:: Data shown ::
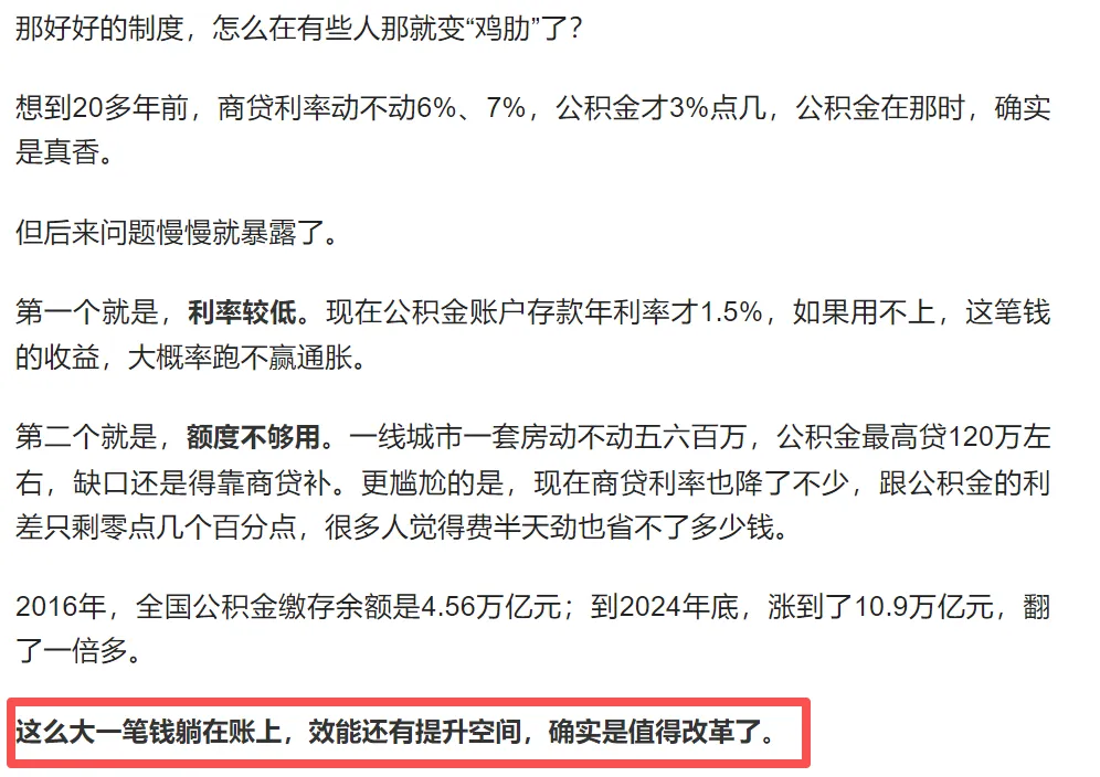 文章还特别提到,2016年,全国公积金缴存余额是4.56万亿元;到2024年底,涨到了10.9万亿元,翻了一倍多。这么大一笔钱躺在账上,效能还有提升空间,确实是值得改革了。
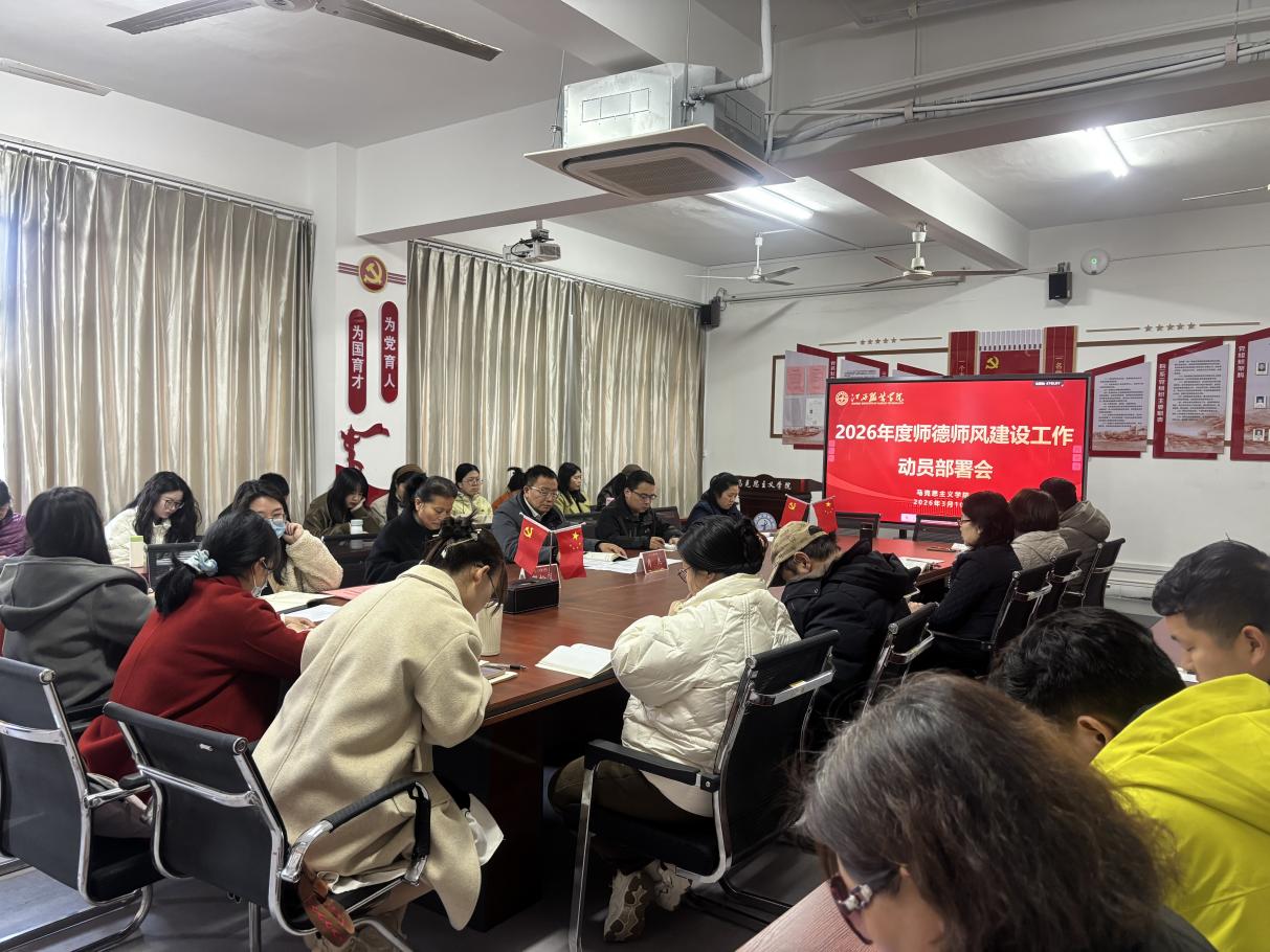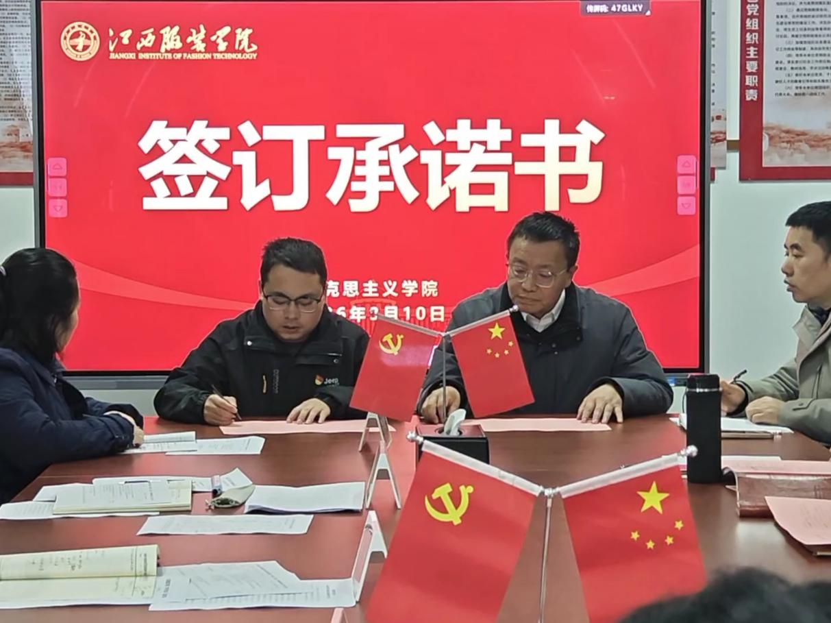 (马克思主义学院 讯)为深入贯彻落实全国教育大会精神,大力弘扬教育家精神,部署2026年度学院师德师风建设工作。2026年3月9日,马克思主义学院在主教学楼240会议室召开2026年度师德师风建设工作动员部署会。学院全体教职工参加会议,会议由党总支副书记陈洋安主持。 会上,陈洋安同志全面回顾总结了2025年度师德师风建设工作情况。他指出,过去一年,学院始终坚持党对教育事业的全面领导,以立德树人为根本任务,从健全完善师德师风建设体系、强化师德师风教育引导、严格落实意识形态责任、深化思政课教师队伍建设、优化分工协同推进等五个方面精准发力,实现了教学质量提升、科研赛事成果突破、教师主动尽责担当的良好局面,全年未发生任何师德失范问题,为学院平稳健康发展筑牢了师德根基。 随后,陈洋安同志从深化理论武装、强化业务培训、深化数字教学赋能、加强队伍建设、深化师德教育、发挥示范作用、加强人文关怀等七个方面对2026年师德师风建设工作作出全面部署。他强调,师德师风是立身之本、从教之基,是铸魂育人之魂、立德树人之根;要以教育家精神为引领,坚守育人初心、涵养师德正气,以严标准筑牢思想防线,以实举措夯实育人根基。 会上,全体教职工签订了《2026年师德师风建设工作承诺书》。在肖杰院长的领誓下,全体教职工举起右拳,庄严宣誓。 会上,思政课教师代表董婷婷、熊思伟分享了自己的工作感悟与体会。她们表示,深刻认识到师德师风是思政课教师的立身之本,要以教育家精神为指引,不断加强自身修养,深耕思政课堂,把师德要求内化于心、外化于行,用心用情上好每一堂思政课,努力成为学生成长路上的引路人。 学院院长肖杰在总结讲话中指出,2026年是“十五五”开局之年,是教育强国建设三年行动计划承上启下的关键之年,强国必先强教,强教必先强师,全国教育大会明确提出的教育家精神铸魂强师行动,为新时代教师队伍建设指明了方向、提供了遵循。他强调,学院要锚定立德树人根本任务,紧扣教育强国建设要求,以师德师风建设为抓手,把师德师风作为教师准入、职称评聘、评奖评优的首要标准,健全长效机制、强化日常监管、严抓责任落实,做到师德违规“零容忍”;要推动师德建设与思政课改革创新深度融合,把教育家精神融入课堂教学、科学研究、社会服务各环节,彰显马克思主义学院办学特色。他希望全体教职工牢记为党育人、为国育才使命,明大德、守公德、严私德,练师能、强师艺、铸师魂,既做传道授业解惑的“经师”,也做涵养德行、引领成长的“人师”,以高尚师德感染学生,以扎实学识启迪学生,以责任担当培育学生,为培养担当民族复兴大任的时代新人贡献力量。 此次动员部署会的召开,进一步统一了思想、明确了任务、凝聚了共识,为学院2026年师德师风建设工作的开展奠定了坚实基础。
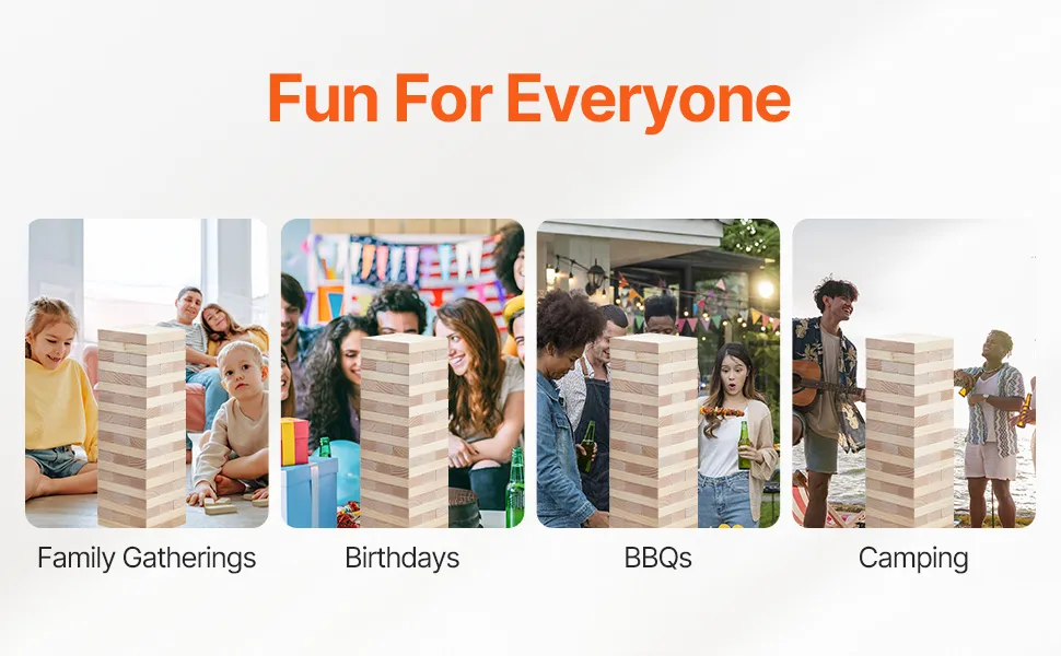 Ideal for Multiple Settings: This tumbling tower game is ideal for both indoor and outdoor use, including backyards, lawns, beaches, and more! It is great for family gatherings, birthday parties, BBQs, picnics, camping, and even solo play!

:: Task to carry out ::
The listing is to be repeated exactly, with its pictures removed.

:: Finished exercise ::
 文章还特别提到,2016年,全国公积金缴存余额是4.56万亿元;到2024年底,涨到了10.9万亿元,翻了一倍多。这么大一笔钱躺在账上,效能还有提升空间,确实是值得改革了。
 (马克思主义学院 讯)为深入贯彻落实全国教育大会精神,大力弘扬教育家精神,部署2026年度学院师德师风建设工作。2026年3月9日,马克思主义学院在主教学楼240会议室召开2026年度师德师风建设工作动员部署会。学院全体教职工参加会议,会议由党总支副书记陈洋安主持。 会上,陈洋安同志全面回顾总结了2025年度师德师风建设工作情况。他指出,过去一年,学院始终坚持党对教育事业的全面领导,以立德树人为根本任务,从健全完善师德师风建设体系、强化师德师风教育引导、严格落实意识形态责任、深化思政课教师队伍建设、优化分工协同推进等五个方面精准发力,实现了教学质量提升、科研赛事成果突破、教师主动尽责担当的良好局面,全年未发生任何师德失范问题,为学院平稳健康发展筑牢了师德根基。 随后,陈洋安同志从深化理论武装、强化业务培训、深化数字教学赋能、加强队伍建设、深化师德教育、发挥示范作用、加强人文关怀等七个方面对2026年师德师风建设工作作出全面部署。他强调,师德师风是立身之本、从教之基,是铸魂育人之魂、立德树人之根;要以教育家精神为引领,坚守育人初心、涵养师德正气,以严标准筑牢思想防线,以实举措夯实育人根基。 会上,全体教职工签订了《2026年师德师风建设工作承诺书》。在肖杰院长的领誓下,全体教职工举起右拳,庄严宣誓。 会上,思政课教师代表董婷婷、熊思伟分享了自己的工作感悟与体会。她们表示,深刻认识到师德师风是思政课教师的立身之本,要以教育家精神为指引,不断加强自身修养,深耕思政课堂,把师德要求内化于心、外化于行,用心用情上好每一堂思政课,努力成为学生成长路上的引路人。 学院院长肖杰在总结讲话中指出,2026年是“十五五”开局之年,是教育强国建设三年行动计划承上启下的关键之年,强国必先强教,强教必先强师,全国教育大会明确提出的教育家精神铸魂强师行动,为新时代教师队伍建设指明了方向、提供了遵循。他强调,学院要锚定立德树人根本任务,紧扣教育强国建设要求,以师德师风建设为抓手,把师德师风作为教师准入、职称评聘、评奖评优的首要标准,健全长效机制、强化日常监管、严抓责任落实,做到师德违规“零容忍”;要推动师德建设与思政课改革创新深度融合,把教育家精神融入课堂教学、科学研究、社会服务各环节,彰显马克思主义学院办学特色。他希望全体教职工牢记为党育人、为国育才使命,明大德、守公德、严私德,练师能、强师艺、铸师魂,既做传道授业解惑的“经师”,也做涵养德行、引领成长的“人师”,以高尚师德感染学生,以扎实学识启迪学生,以责任担当培育学生,为培养担当民族复兴大任的时代新人贡献力量。 此次动员部署会的召开,进一步统一了思想、明确了任务、凝聚了共识,为学院2026年师德师风建设工作的开展奠定了坚实基础。
 Ideal for Multiple Settings: This tumbling tower game is ideal for both indoor and outdoor use, including backyards, lawns, beaches, and more! It is great for family gatherings, birthday parties, BBQs, picnics, camping, and even solo play!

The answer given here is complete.